▶ EXERCISE GOAL: Exactly reproduce the lines from the line bearing "素肌に浮き立つレース、豪華なロングトレーンが" through the end of the listing, inclusive of both; pictures are to be omitted.

____________________

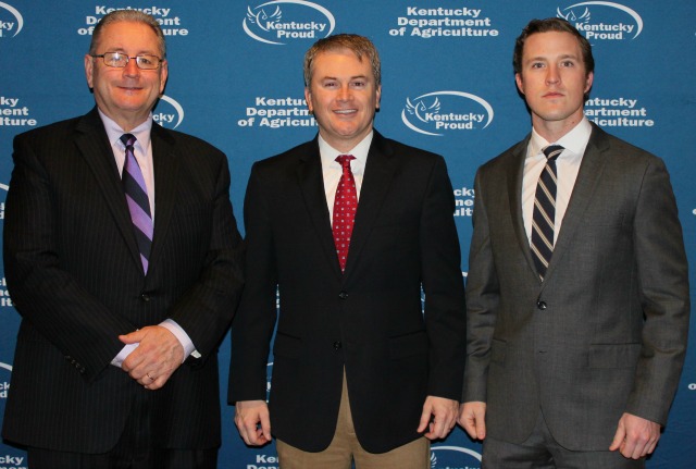 2015-02-18 - Frankfort, KY - Photo by Kentucky Department of Agriculture. State Sen. Jimmy Higdon, left, and his intern, Jeff Kinlaw, right, joined Kentucky Agriculture Commissioner James Comer for breakfast at the annual Kentucky Proud Breakfast last week at the state Capitol Annex. State legislators and their staffs enjoyed a country breakfast of Kentucky Proud food sourced from farms around the state, including bacon, biscuits and gravy, country ham, eggs, hash brown casserole, and sausage.
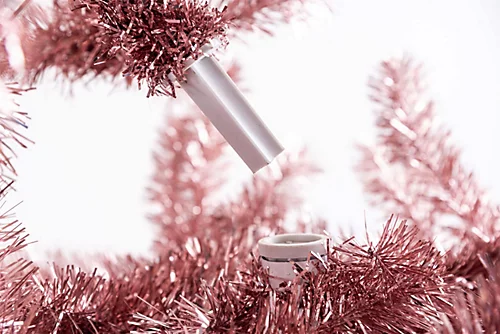 This Christmas try our unique rose gold colour Christmas tree to be an immediate eye-catcher in any setting, with a shiny pink tinsel design that breaks free from the traditional tree. Fluffs in an hour to create a full appearance and ample space to hang ornaments and other Christmas tree décor. Hinged branches and foldable stand let you easily assemble the tree.
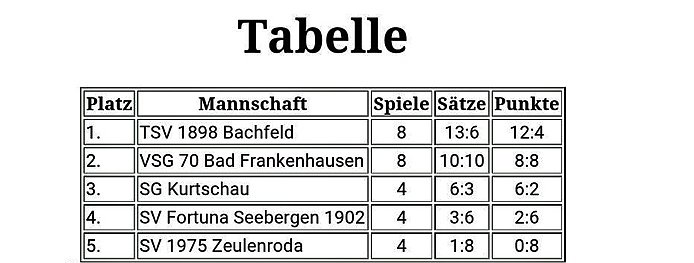 Autor: khhDurch eine starke Mannschaftsleistung sicherten sie sich momentan den zweiten Platz der Tabelle. Zweimal haben unsere Frauen souverän gegen Zeulenroda gewonnen. Im Spiel gegen den Neueinsteiger Seebergen wurde ein Spiel gewonnen und eins verloren. Damit gab es 6 von 8 möglichen Punkten.
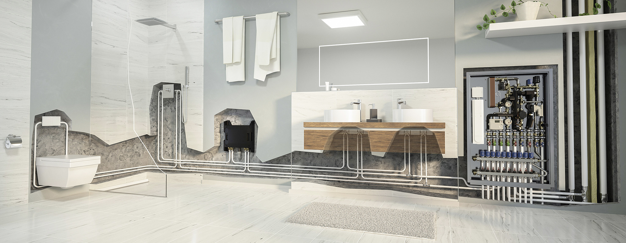 Bei der Sanitärplanung und –installation kümmern wir uns um alles, was mit Wasser und Abwasser zu tun hat. Von Wasserrohren und Anschlüssen für Wasch- und Spülmaschine bis hin zu Dusche, WC und den Rohrleitungen in die Kanalisation. Die Anforderungen in diesem Bereich sind vielfältig. Schließlich gilt es, auch die obersten Stockwerke mit (warmem) Wasser zu versorgen. Pumpen und Anlagen, die den Wasserdruck regeln, müssen optimal eingestellt sein. Deshalb achten wir von der Planung bis zur Ausführung auf Professionalität und Qualität, auch des verwendeten Materials.
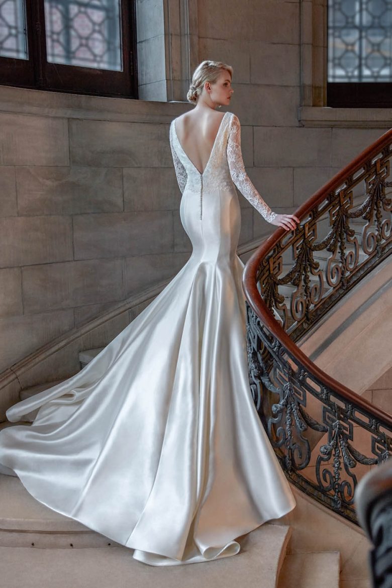 素肌に浮き立つレース、豪華なロングトレーンが
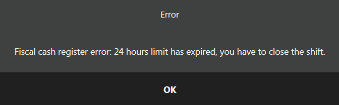 Możesz ograniczyć czas trwania zmiany kasy, jeśli używasz wirtualnej kasy fiskalnej w jej ustawieniach w Syrve Office. Po 24 godzinach na ekranie kasjera pojawi się komunikat wymagający zamknięcia zmiany kasy, aby móc wystawić paragon.
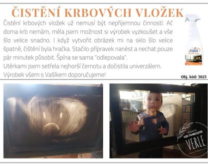 - Účinně odstraňuje silné nánosy na skleněných dvířkách krbů a kamen a dokonale si poradí s mastnotou.

____________________

▶ WRITTEN RESPONSE:
 素肌に浮き立つレース、豪華なロングトレーンが
 Możesz ograniczyć czas trwania zmiany kasy, jeśli używasz wirtualnej kasy fiskalnej w jej ustawieniach w Syrve Office. Po 24 godzinach na ekranie kasjera pojawi się komunikat wymagający zamknięcia zmiany kasy, aby móc wystawić paragon.
 - Účinně odstraňuje silné nánosy na skleněných dvířkách krbů a kamen a dokonale si poradí s mastnotou.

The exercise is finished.